When the exit Picture-in-Picture algorithm is invoked, the user agent MUST run the following steps:

  1. If pictureInPictureElement is null, throw a InvalidStateError and abort these steps.

  2. Run the close window algorithm with the Picture-in-Picture window associated with pictureInPictureElement.

  3. Queue a task to fire an event with the name leavepictureinpicture using PictureInPictureEvent at the video with its bubbles attribute initialized to true and its pictureInPictureWindow attribute initialized to Picture-in-Picture window associated with pictureInPictureElement.

  4. Unset pictureInPictureElement.

  5. Remove one item matching relevant settings object’s origin from initiators of active Picture-in-Picture sessions.

It is NOT RECOMMENDED that the video playback state changes when the exit Picture-in-Picture algorithm is invoked. The website SHOULD be in control of the experience if it is website initiated. However, the user agent MAY expose Picture-in-Picture window controls that change video playback state (e.g., pause).

As one of the unloading document cleanup steps, run the exit Picture-in-Picture algorithm.

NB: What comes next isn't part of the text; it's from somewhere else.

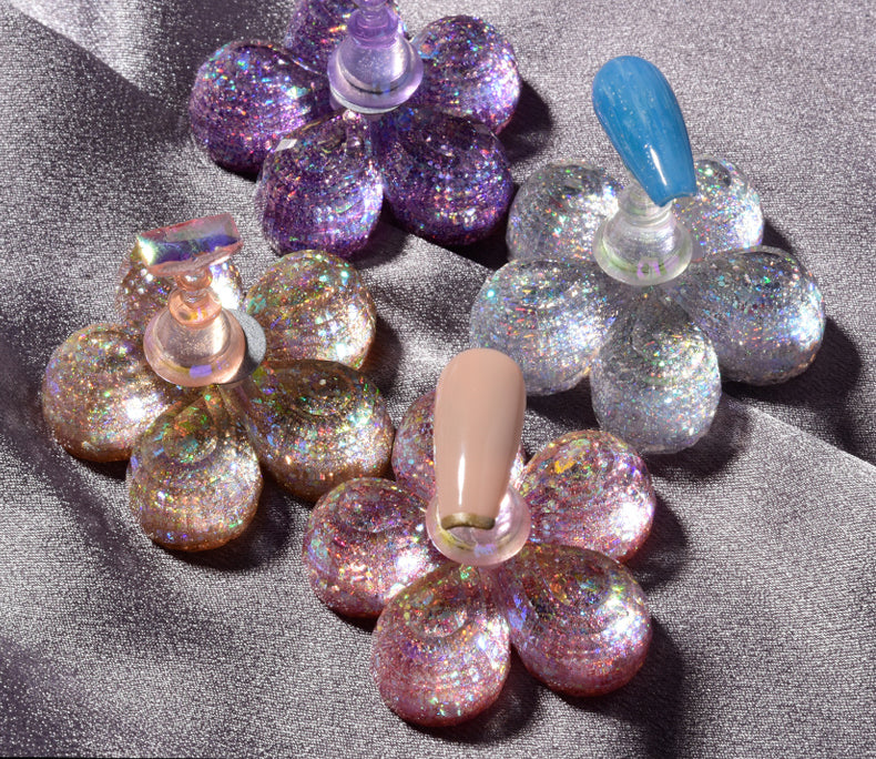 Flower False Nail Display Stand Holder Press On Nail Tips Practice Holders Glittery Floral Manicure DIY Tools Display Nails tool

3.4. Disable Picture-in-Picture

Some pages may want to disable Picture-in-Picture mode for a video element; for example, they may want to prevent the user agent from suggesting a Picture-in-Picture context menu or to request Picture-in-Picture automatically in some cases. To support these use cases, a new disablePictureInPicture attribute is added to the list of content attributes for video elements.

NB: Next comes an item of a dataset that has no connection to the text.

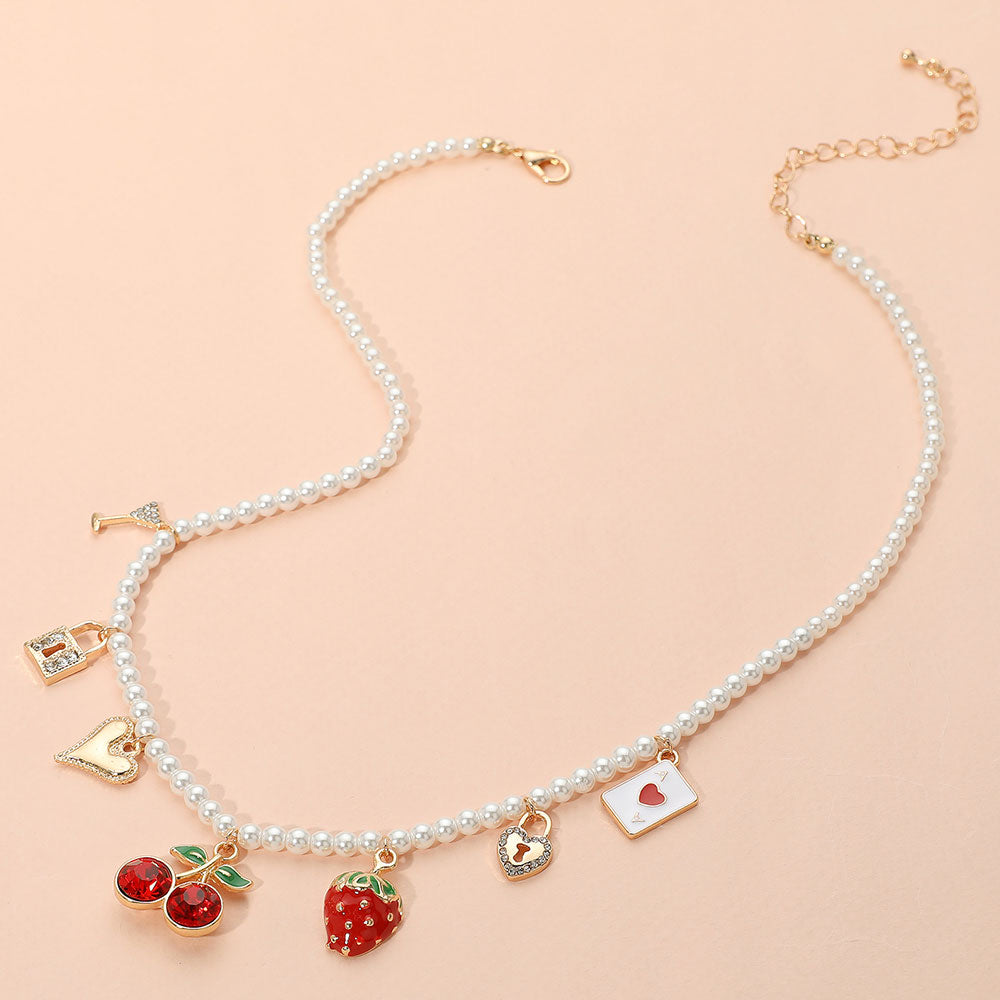 Cherry, strawberry, heart, locks, martini, and card charm necklace

The disablePictureInPicture IDL attribute MUST reflect the content attribute of the same name.

If the disablePictureInPicture attribute is present on the video element, the user agent SHOULD NOT play the video element in Picture-in-Picture or present any UI to do so.

When the disablePictureInPicture attribute is added to a video element, the user agent SHOULD run these steps:

  1. Reject any pending promises returned by the requestPictureInPicture() method with InvalidStateError.

  2. If video is pictureInPictureElement, run the exit Picture-in-Picture algorithm.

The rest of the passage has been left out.